HSE may seek DNA in bid to identify 'John Doe' in psychiatric hospital for 30 years

HSE may seek DNA in bid to identify 'John Doe' in psychiatric hospital for 30 years

The HSE, secured an order last May to have a court-appointed medical doctor visit the man for the purpose of assessing his capacity.

The HSE may seek High Court permission to take a DNA sample from an unidentified vulnerable elderly man, who has been in a psychiatric hospital here for more than 30 years, in a bid to identify him.

Now believed to be in his late 80s or 90s, the man was first admitted to the psychiatric hospital after being taken there by gardaí in the mid-1980s.

He was reported to be living “a hermit’s life” and sleeping rough in a bus shelter with a dog whom he said he had “on loan”. He had also referred to living in Dublin "for years".

At some point after his admission, he was given a name and estimated date of birth of 1930 but essentially remains a 'John Doe'.

Efforts to establish his true identity and to find next of kin have so far proven unsuccessful but were reactivated in recent years arising from advances in technology.

The man has a history of mental illness, along with physical health conditions.

His case first came before the High Court last May when Lebeau Jonker, a solicitor for the HSE, secured an order, in the context of intended wardship proceedings, to have a court-appointed medical doctor visit the man for the purpose of assessing his capacity.

The court also appointed solicitor Alec Gabot as the man's guardian ad litem to represent him in the wardship matter.

When the case returned today before Mr Justice Mark Heslin, the judge was satisfied, on foot of the medical visitor's report and the other medical evidence, that the man lacks capacity and should be taken into wardship.

David Leahy BL, for the HSE, said, while the normal procedure in wardship is to seek orders preventing identification of a ward, the HSE may in this case seek to take steps aimed at identifying the man, including applying for an order permitting the taking of a DNA sample from him.

In his report to the court, Mr Gabot said he had visited the man in an effort to establish his views but the man was incapable of giving expression to them.

Although the man has no identified family, "he has made staff and other patients at the hospital his family", Mr Gabot said.

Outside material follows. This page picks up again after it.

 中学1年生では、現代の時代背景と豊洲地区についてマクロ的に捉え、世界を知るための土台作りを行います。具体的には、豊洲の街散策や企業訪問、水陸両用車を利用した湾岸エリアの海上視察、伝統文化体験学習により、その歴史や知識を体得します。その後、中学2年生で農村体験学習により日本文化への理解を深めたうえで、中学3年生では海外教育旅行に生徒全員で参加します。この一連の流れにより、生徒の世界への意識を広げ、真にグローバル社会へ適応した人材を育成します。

As his guardian, he was content the man is appropriately placed.

When he queried whether the man should be moved to some other hospital or to a nursing home, the nursing staff's eyes had "filled with tears", he added.

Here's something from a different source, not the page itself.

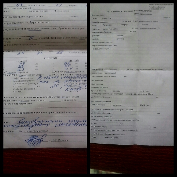 Последние м были 18.07 - все как надо.этот цикл оказался авуляторным.( бывает)цикл не стабильный,но не суть.ждала м ...44 дц их нет.поход к гине ,УЗИ,анализы--вме в норме.ждите !!! Вот вот придут.эндометрий 10.на вых на 54 дц( или 1 дц. Хз как считать) пришли.радости не было придела.пришли родненькие.но не тут то было.помазали и ушли.думала разойдуться,но нет.на 3 дц сходила на Узи ,чего за фигня происходит .эндик 14 уже.рассказываю картину:- подождите ещё разойдуться,так бывает.ну ок жду.и ничего.сегодня чет не понятное.такого раньше не было. М как таковых и нет.завтра снова поход в жк,на разборки:).уже засыпала и вспомнила: я ж начале августа лежала с чмт.могут ли быть от этого последствия? Можно ли как то счас заставить поработать организм,что б была хорошая овуля,на таком эндике забеременеть? Голова кругом.завтра к врачу,но до утра далеко.у кого - нить так было? Смогли забеременеть? Через сколько?спасибо девочки,что вы есть!!!сходила к гинекологу.отправила на Узи+ завтра с тестом к ней.сходила на УЗИ и вот вам и пожалуйста: киста яичника,матка увеличена,мазня переодично ,но не сильно кремового цвета.тесты пусты! Девочки ,что за хрень то со мной происходит.фото Узи одного цикла с разницой в 15 дней.

The wardship application was initiated last May in a situation where the man’s physical health was deteriorating and he has had a number of hospital admissions. His clinical team considered it would not be appropriate to resuscitate him should his condition deteriorate further to a situation where resuscitation is required.

Rather than a further hospital admission, they believe he should be made comfortable where he is.

The man had expressed a desire not to be sent to a general hospital should his condition deteriorate but doctors were concerned whether he had capacity to make decisions about his health and welfare.

They were also concerned any decision against resuscitation should have a legal basis.